= Beginning of Section =

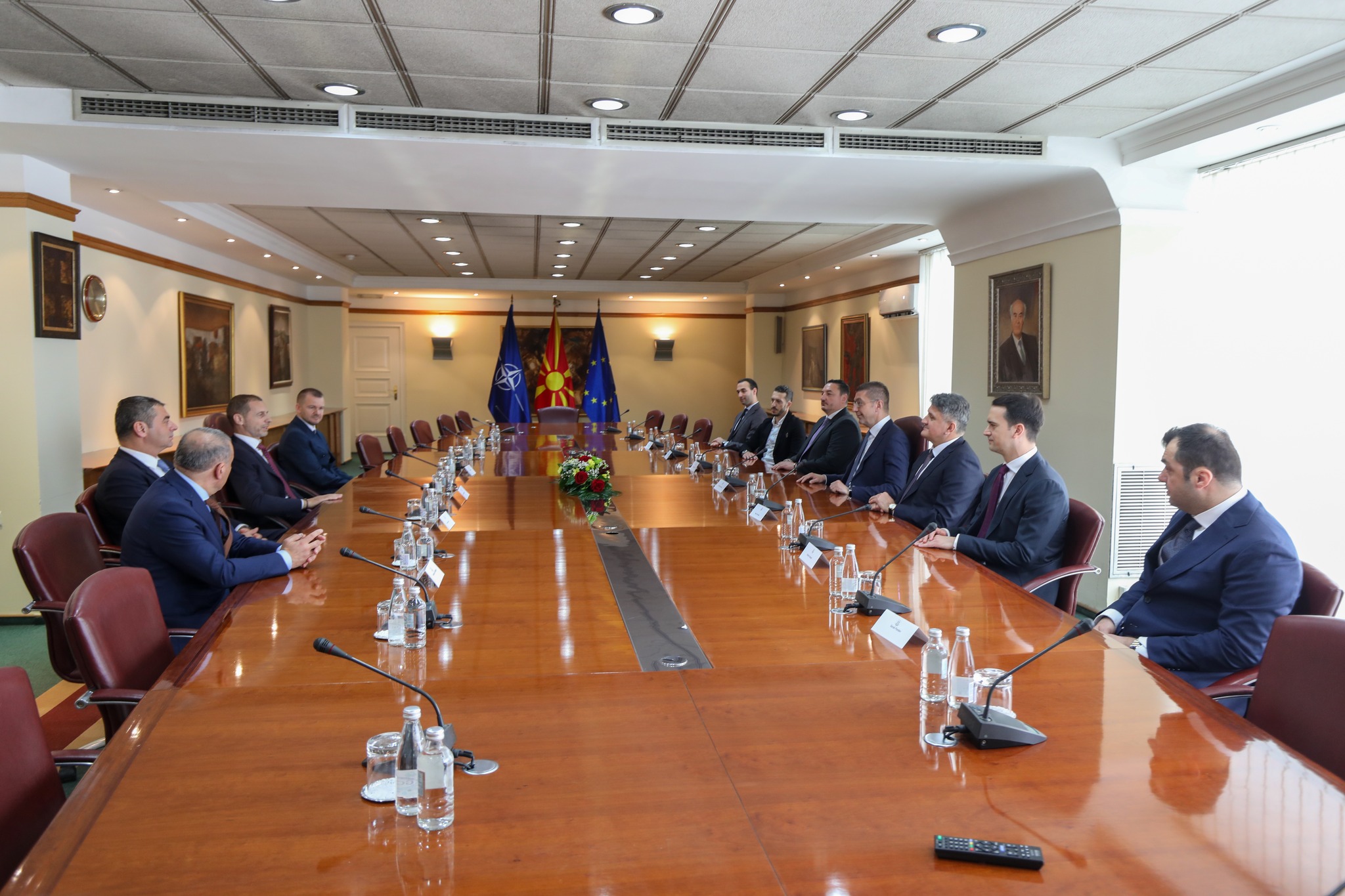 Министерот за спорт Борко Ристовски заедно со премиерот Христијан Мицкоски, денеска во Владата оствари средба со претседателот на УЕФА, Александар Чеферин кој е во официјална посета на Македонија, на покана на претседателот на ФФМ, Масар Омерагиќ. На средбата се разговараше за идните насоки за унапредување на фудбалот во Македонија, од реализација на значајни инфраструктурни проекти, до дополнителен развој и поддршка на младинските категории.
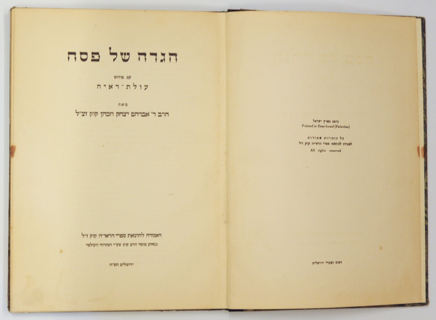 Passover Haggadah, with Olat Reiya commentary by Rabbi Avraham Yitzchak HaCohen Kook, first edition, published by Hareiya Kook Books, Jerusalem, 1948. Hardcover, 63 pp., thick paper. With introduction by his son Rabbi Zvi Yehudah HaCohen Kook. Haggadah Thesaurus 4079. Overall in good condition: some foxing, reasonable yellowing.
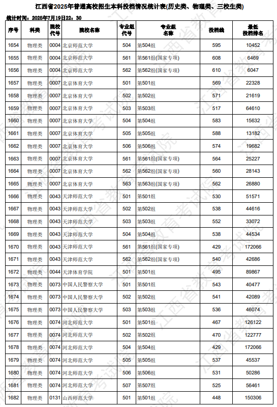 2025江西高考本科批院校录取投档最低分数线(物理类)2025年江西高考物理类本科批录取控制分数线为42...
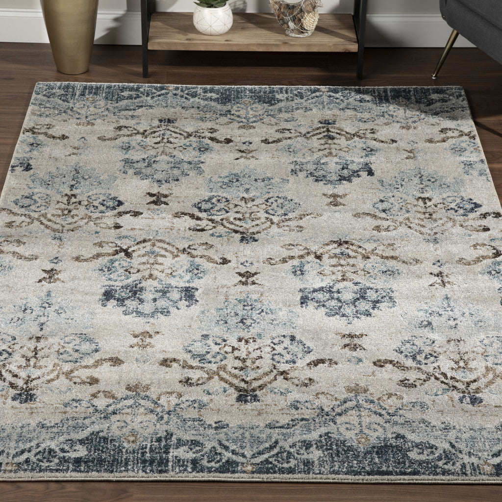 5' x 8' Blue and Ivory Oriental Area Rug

= End of Section =
= Beginning of Section =

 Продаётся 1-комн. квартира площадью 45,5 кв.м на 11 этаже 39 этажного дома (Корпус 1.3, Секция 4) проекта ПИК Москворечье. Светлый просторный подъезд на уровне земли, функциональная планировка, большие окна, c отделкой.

= End of Section =

### PROBLEM TO WORK ON
From the records above, output only the lines starting at the one containing "Министерот за спорт" and ending at the one containing "5' x 8' Blue and Ivory Oriental Area Rug", word for word. Pictures stay out.

### RESPONSE TO THE TASK
 Министерот за спорт Борко Ристовски заедно со премиерот Христијан Мицкоски, денеска во Владата оствари средба со претседателот на УЕФА, Александар Чеферин кој е во официјална посета на Македонија, на покана на претседателот на ФФМ, Масар Омерагиќ. На средбата се разговараше за идните насоки за унапредување на фудбалот во Македонија, од реализација на значајни инфраструктурни проекти, до дополнителен развој и поддршка на младинските категории.
 Passover Haggadah, with Olat Reiya commentary by Rabbi Avraham Yitzchak HaCohen Kook, first edition, published by Hareiya Kook Books, Jerusalem, 1948. Hardcover, 63 pp., thick paper. With introduction by his son Rabbi Zvi Yehudah HaCohen Kook. Haggadah Thesaurus 4079. Overall in good condition: some foxing, reasonable yellowing.
 2025江西高考本科批院校录取投档最低分数线(物理类)2025年江西高考物理类本科批录取控制分数线为42...
 5' x 8' Blue and Ivory Oriental Area Rug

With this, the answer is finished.